BETH MARIA TALLCHIEF is famous for being the first American prima ballerina for the New York City Ballet. Born in Fairfax, Oklahoma, 1925, Maria's father was an Oasge Indian tribal chief.
She was originally known to family and friends as Betty Marie, but took on the stage name Maria Tallchief. Her Indian name is Wa-Xthe-Thomba ("Woman of Two Worlds").
Maria's younger sister, Marjorie Tallchief, is also a world-famous ballerina and the first American Indian to be "première danseuse étoile" of the Paris Opera Ballet . The dancing sisters enjoyed enormous artistic success during their long professional careers, and they founded the Chicago City Ballet in 1980.
"If anything at all, perfection is finally attained not when there is no longer anything to add, but when there is no longer anything to take away."- Maria Tallchief
Young Maria Tallchief professional American ballerina star pictured leaping in perfect form, photograph courtesy of New York City Ballet Archives.
PLAY "Pas de Dix" (Balanchine) TV Performance, 1957 — Maria Tallchief and Andre Eglevsky.
"Maria Tallchief took what had been a European art form and made it America's own — how fitting that a Native American woman would do that.
"George Balanchine once told audiences not to analyze ballet. 'Words cannot describe it,' he said, 'you cannot explain a flower.' So it's impossible to explain the radiance and grace of Maria Tallchief."- President William J. Clinton said at The White House as he presented the National Medal of the Arts to Maria in 1999.

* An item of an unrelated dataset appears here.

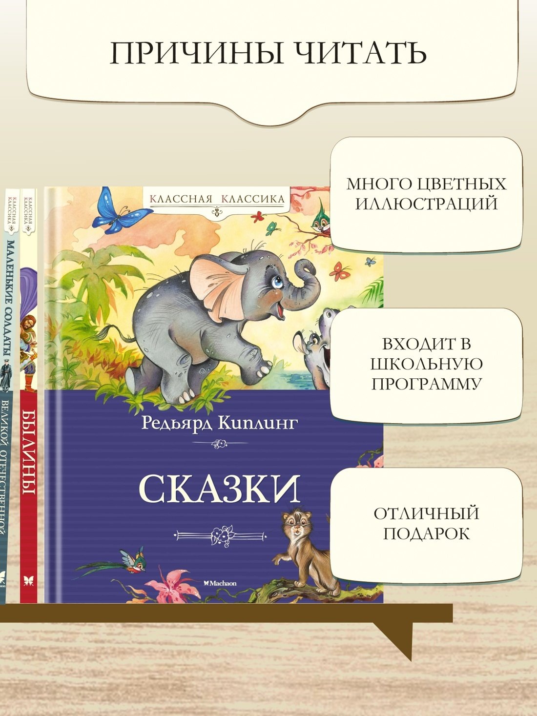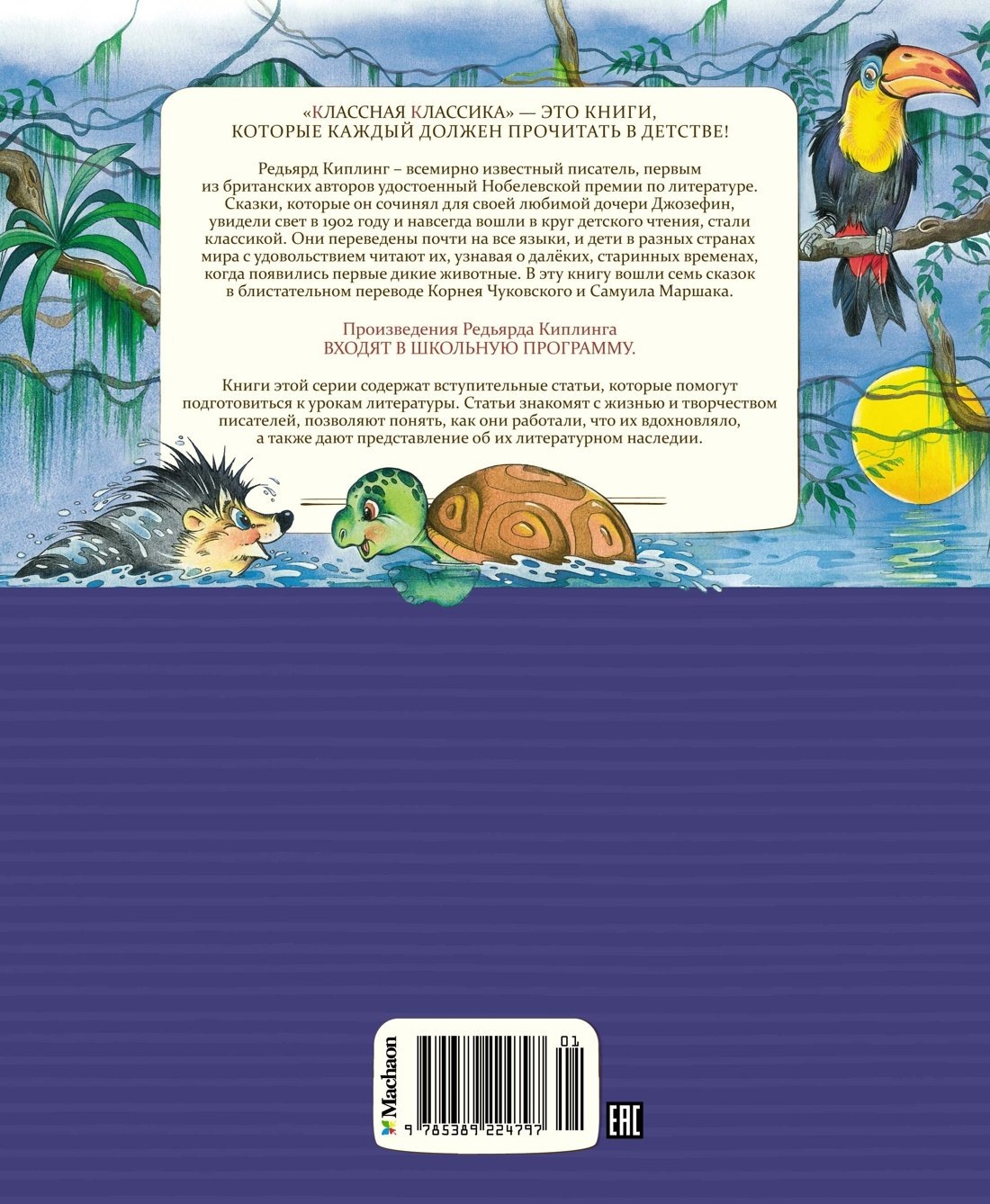 Р. Киплинг – всемирно известный писатель, первым из британских авторов удостоенный Нобелевской премии по литературе. Сказки он сочинял для своей дочери Джозефин, а когда девочка умерла в шестилетнем возрасте от пневмонии, Киплинг составил сборник из двенадцати сказок и выпустил его в 1902 году в память о своей любимице. Эти сказки о стародавних временах, когда появились первые дикие животные, переведены почти на все языки, и дети во всех странах с удовольствием читают их. В эту книгу вошли семь сказок в переводе замечательных детских писателей Корнея Чуковского и Самуила Маршака.

In 1933 Maria moved to Beverly Hills with her family and studied ballet with Bronislava Nijinska until she was 17, at which time she moved to New York City and joined the Ballet Russe de Monte Carlo where she quickly became a featured soloist.
It was in New York City where she met her first husband, Russian-born choreographer George Balanchine — they were married in 1946 (Maria was 21), and divorced in 1952. They did not have any children together.